WHAT TO DO
Go through the data below and repeat it exactly, skipping each picture.

DATA
───

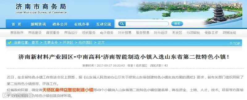 在北跨战略的发展下,中南高科济南智能制造小镇成为济南市重点发展项目,也成功入选山东省第二批特色小镇。
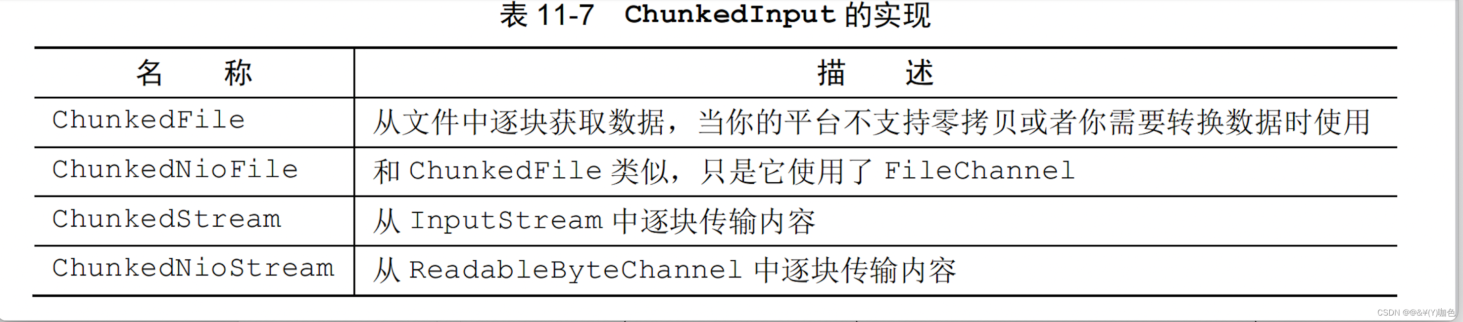- 需要将数据从文件系统复制到用户内存:使用ChunkedWriteHandler,它支持异步写大型数据流,而不会有大量的内存消耗 关键是Interface ChunkedInput<B> ,Netty预制了该接口的4个实现,每个都代表将由ChunkedWriteHandler处理的不定长度的数据流
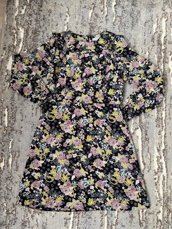 Гарна сукня. Розмір 12. Буде на м. Заміри - дов.90. Пояс-40. Низ вільний. Груди-46. Рукав-61. Тканина не просвічується. На спинці замочок. Не тягнеться.
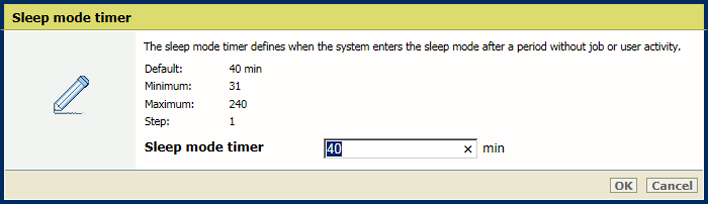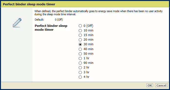 Utilisez le paramètre [Horloge du mode veille de l'unité de reliure dos carré collé] pour définir le délai après lequel l'unité de reliure sans couture entre en mode veille.

───

OUTPUT FOR THIS EXERCISE
 在北跨战略的发展下,中南高科济南智能制造小镇成为济南市重点发展项目,也成功入选山东省第二批特色小镇。
- 需要将数据从文件系统复制到用户内存:使用ChunkedWriteHandler,它支持异步写大型数据流,而不会有大量的内存消耗 关键是Interface ChunkedInput<B> ,Netty预制了该接口的4个实现,每个都代表将由ChunkedWriteHandler处理的不定长度的数据流
 Гарна сукня. Розмір 12. Буде на м. Заміри - дов.90. Пояс-40. Низ вільний. Груди-46. Рукав-61. Тканина не просвічується. На спинці замочок. Не тягнеться.
 Utilisez le paramètre [Horloge du mode veille de l'unité de reliure dos carré collé] pour définir le délai après lequel l'unité de reliure sans couture entre en mode veille.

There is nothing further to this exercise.